We will update the manuscript to clarify our approach and the reasoning behind presenting non-converged training curves. Thank you again for your valuable feedback.
[1] Haarnoja, T., Zhou, A., Abbeel, P., & Levine, S. (2018, July). Soft actor-critic: Off-policy maximum entropy deep reinforcement learning with a stochastic actor. In International conference on machine learning (pp. 1861-1870). PMLR.
[2] Schulman, J., Wolski, F., Dhariwal, P., Radford, A., & Klimov, O. (2017). Proximal policy optimization algorithms. arXiv preprint arXiv:1707.06347.
[3] Queeney, J., Paschalidis, Y., & Cassandras, C. G. (2021). Generalized proximal policy optimization with sample reuse. Advances in Neural Information Processing Systems, 34, 11909-11919.
[4] Meng, W., Zheng, Q., Pan, G., & Yin, Y. (2023, June). Off-policy proximal policy optimization. In Proceedings of the AAAI Conference on Artificial Intelligence (Vol. 37, No. 8, pp. 9162-9170).
We have uploaded a revised version of our work based on all the provided feedback. A detailed summary of these updates is included in the revision. Please let us know if you have any further questions or need additional clarification. Thank you.

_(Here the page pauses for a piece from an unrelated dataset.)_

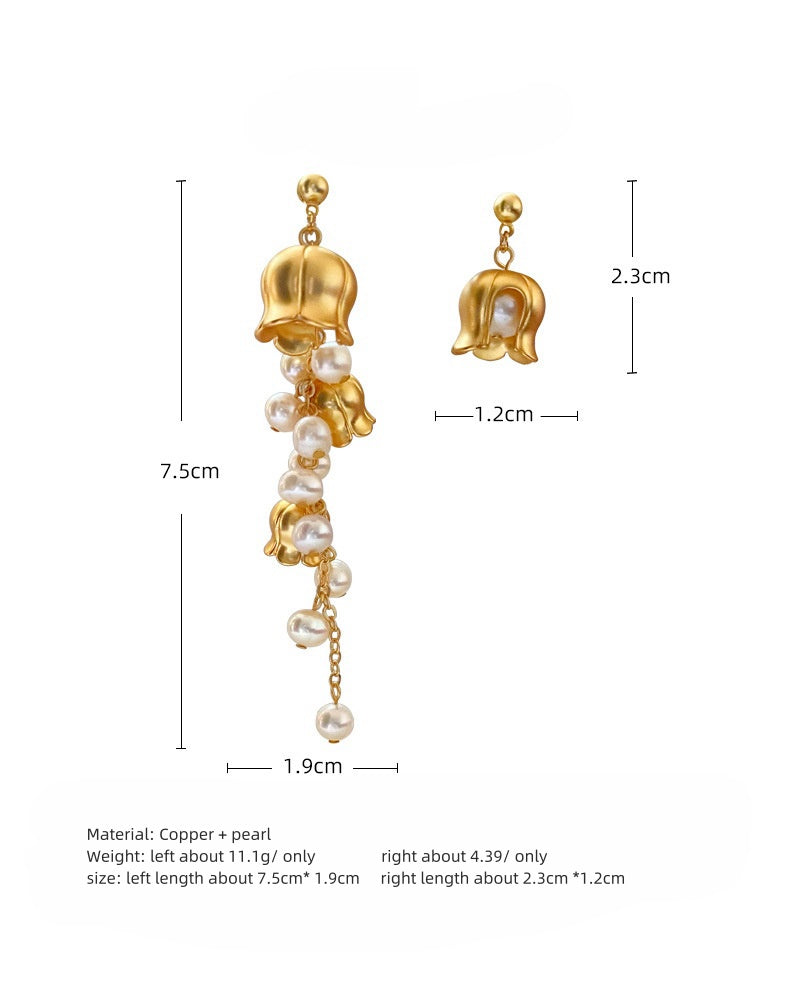 This French vintage matte lily of the Valley freshwater pearl earrings, each petal detailed outline, as if out of the painting, with warm pearls, asymmetrical design to highlight the unique personality. 925 silver needle, protect sensitive skin, long swaying posture, full of advanced sense.

Thank you for your response. I appreciate your detailed explanation of how your approach balances exploration and exploitation while maintaining stability. Your response on the training curve convergence and the replay buffer size are clear and solid, which solved my questions. Overall, your clarifications have resolved my concerns, thank you again for your efforts in addressing the feedback.
Dear Reviewer iV5K,
Thank you very much for your kind response. I sincerely appreciate your acknowledgment of our efforts to address the points you raised.
If it is possible, I would like to kindly ask whether you might consider revisiting your score, as we have worked carefully to resolve the issues you raised. It would be truly crucial for us, and your support would mean a lot.
Thank you again for your valuable time, insights, and consideration. Your feedback has been immensely helpful in strengthening our work.
Best regards,
The authors of Paper 11700
This paper proposes Hybrid-Policy Proximal Policy Optimization (HP3O) and a variant HP3O+, which incorporate a replay buffer with standard PPO, to improve the sample efficiency while mitigating the high variance common in off-policy algorithms. They derived the policy improvement lower bound for both HP3O and HP3O+. Experiments conducted on continuous control environments demonstrate that the proposed algorithms perform comparably or better than baselines, including PPO, A2C [Peng et al. 2018] and P3O [Chen et al. 2023].
优点
- the proposed approach combines the strengths of on-policy and off-policy methods
- offers theoretical insights
- validated the efficacy in continuous control experiments
缺点
- The baselines in the experiments are limited: six baseline methods are listed in Table 1 as related works but only one of them is used as a baseline in the experiments. The paper explains that other methods were excluded because “corresponding code bases are either inaccessible or problematic”. However, at least three of these methods have publicly available codebases, including the most relevant work GePPO. It would be beneficial to clarify the specific issues that prevents their inclusion:
-
GePPO (official): https://github.com/jqueeney/geppo
-
Policy-on-off PPO (official): https://github.com/rasoolfa/P3O
-
Off-policy PPO (unofficial): https://github.com/Ladun/OffPolicy-PPO
Given that GePPO and Off-policy PPO are both hybrid methods with theoretical guarantees, comparing with them would better illustrate the benefits of using a trajectory buffer.
-
Since HP3O+ is a proposed algorithm, its learning curve should ideally be included in Fig. 2. It would strengthen the paper if the authors add the results or elaborate why they’re unnecessary.
-
It seems that the learning curves only report performance of the training episodes. If so, I think that it’s better to report the evaluation performance instead, as is done in SAC.
-
In the limitation section, it is mentioned that dequeuing replay buffer may cause issues in sparse reward setting. On a related note, conducting ablation studies on the buffer size in general settings would provide insights into its impact on performance and stability.
Minor:
- For future work, it would be useful to explore the performance of HP3O in discrete action spaces, such as Atari, as done in PPO.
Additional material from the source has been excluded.